START PROVIDED INFORMATION

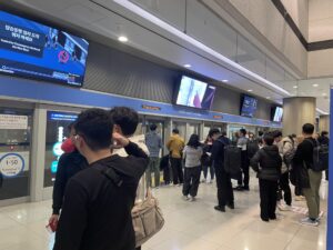 韓国はキャリア航空会社(アシアナ、大韓)は入国審査終えてすぐに搭乗口がありますが、LCCは地下鉄に乗らないとたどり着けない遠くに搭乗口があります
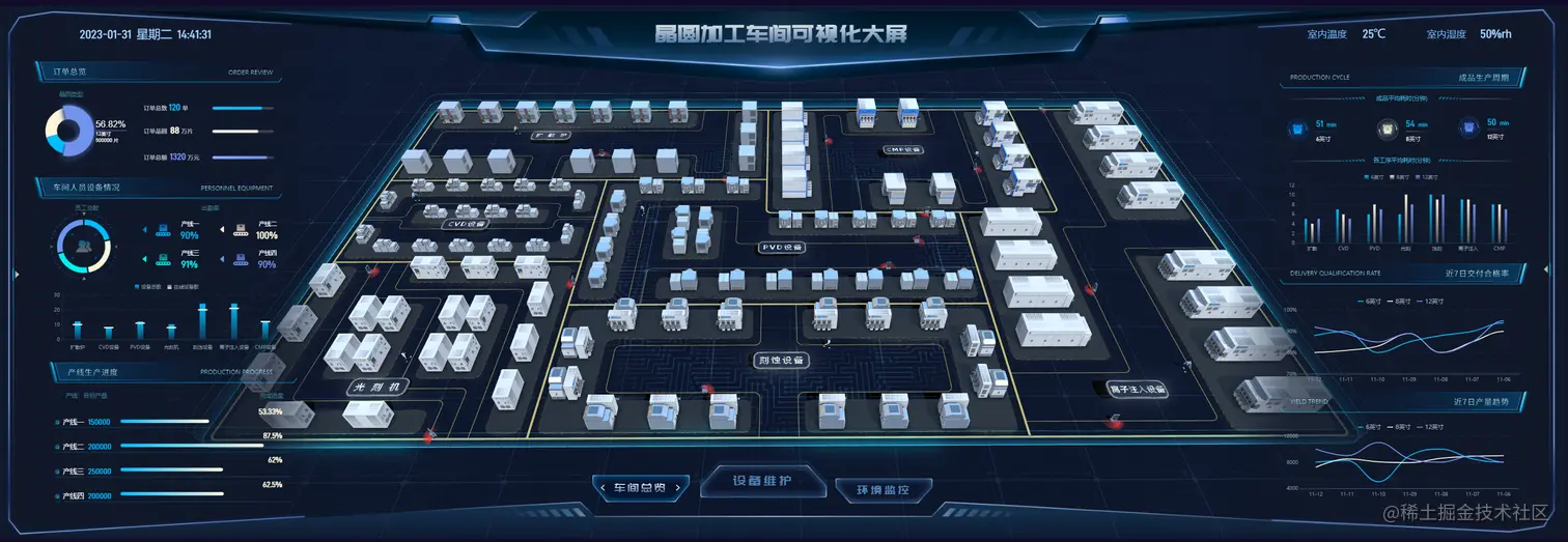 同时,工程制造业、制造业的3D可视化应用也在蓬勃发展中,私我可获取上述demo模板,一起探索更多3D大屏应用场景吧!
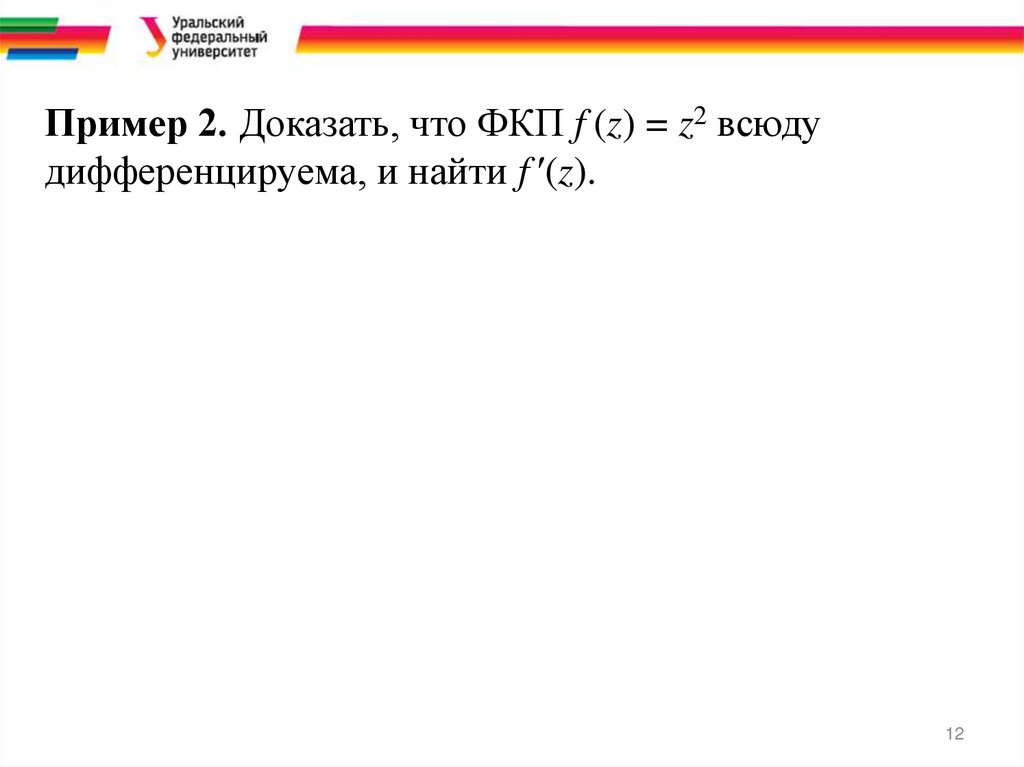 Пример 2. Доказать, что ФКП f (z) = z2 всюдудифференцируема, и найти f (z).
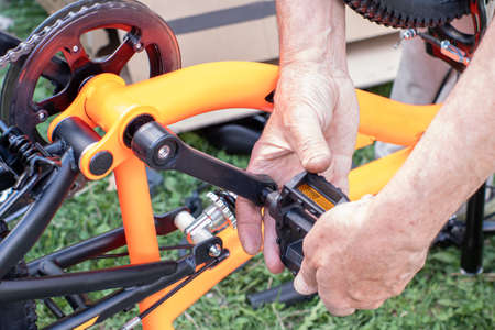Bicycle repair. Close-up of a mechanic installing and adjusting pedals on a new bike.
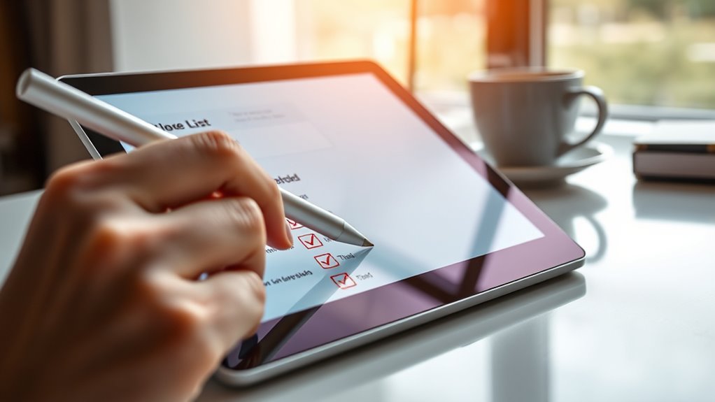 To schedule daily tasks effectively with electronic task lists, start by prioritizing your most critical activities in the morning when you’re alert. Use digital tools like Google Calendar or Todoist to set reminders, alerts, and deadlines, keeping you organized and focused. Easily reschedule or reorganize tasks as priorities shift, and leverage notifications to stay on track. If you want to learn how to optimize your workflow further, keep exploring strategies that integrate these methods seamlessly.
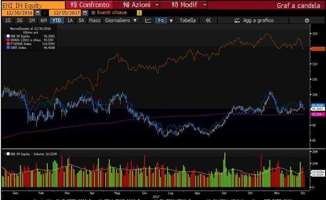 Il titolo Eni ha archiviato le ultime cinque sedute sostanzialmente invariato, chiudendo venerdì a 13,91 in linea all’Eurostoxx di settore, meglio del Ftse Mib, che ha sofferto prevalentemente della debolezza del settore bancario.
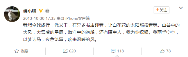 2013年从盛大离职前,侯小强发了一条带有海子遗风的微博,暗示他将退隐江湖。
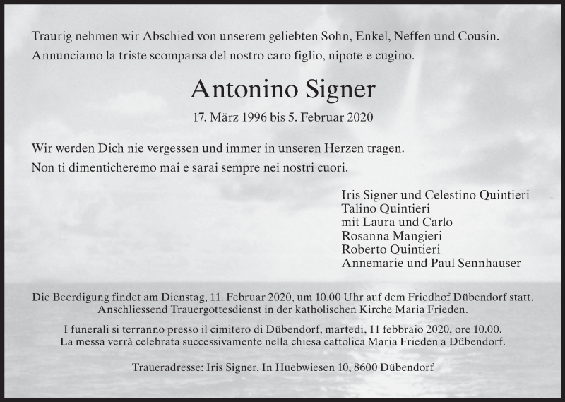 Hier finden Sie alle Traueranzeigen aus der Zeitung, die bisher für Antonino Signer erschienen sind. Weitere Traueranzeigen, die in der Zeitung erscheinen, werden hier ebenfalls aufgelistet
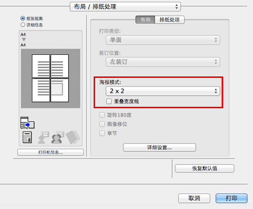 在[布局/排纸处理]的[海报模式:]中,选择"N
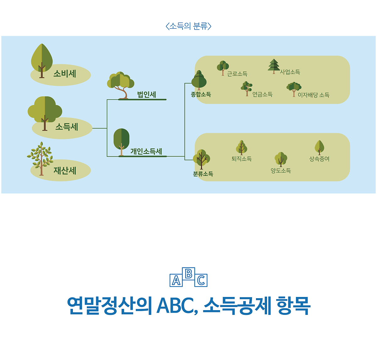 그전에 세금의 구조를 보면 세금에는 소비세, 소득세, 재산세의 종류가 있다. 소득이 있으면 내야 하는 소득세에는 개인이 내는 개인소득세가 있고, 법인이 내는 법인세가 있다. 개인이 내는 소득세에는 모든 소득을 합산하여 내는 종합소득세가 있고, 분류 소득이 있다. 분류 소득에는 종합소득과 분류되는 소득으로 퇴직소득, 양도소득, 또한 상속증여에 대한 세금도 종합소득에서 분류된다. 그럼 종합소득의 종류에는 직장 다니면서 버는 근로소득, 사업으로 버는 사업소득, 기타 연금소득이나 이자 배당 소득이 있다.
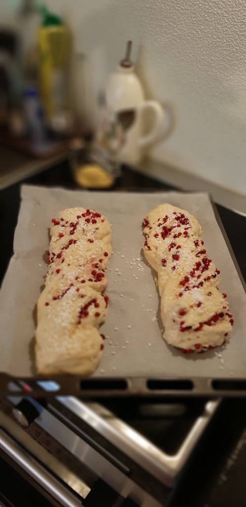 - Keeruta taignaribad omavahel ja vormi kringel või 2 stritslit. Määri munaga ja raputa peale raesokeri.

END PROVIDED INFORMATION

INSTRUCTIONS FOR THE TASK » Exactly the lines from the top of the entries through the line with "Bicycle repair. Close-up", inclusive, must be given again, with every picture omitted.

ANSWER TO THIS TASK »
 韓国はキャリア航空会社(アシアナ、大韓)は入国審査終えてすぐに搭乗口がありますが、LCCは地下鉄に乗らないとたどり着けない遠くに搭乗口があります
 同时,工程制造业、制造业的3D可视化应用也在蓬勃发展中,私我可获取上述demo模板,一起探索更多3D大屏应用场景吧!
 Пример 2. Доказать, что ФКП f (z) = z2 всюдудифференцируема, и найти f (z).
Bicycle repair. Close-up of a mechanic installing and adjusting pedals on a new bike.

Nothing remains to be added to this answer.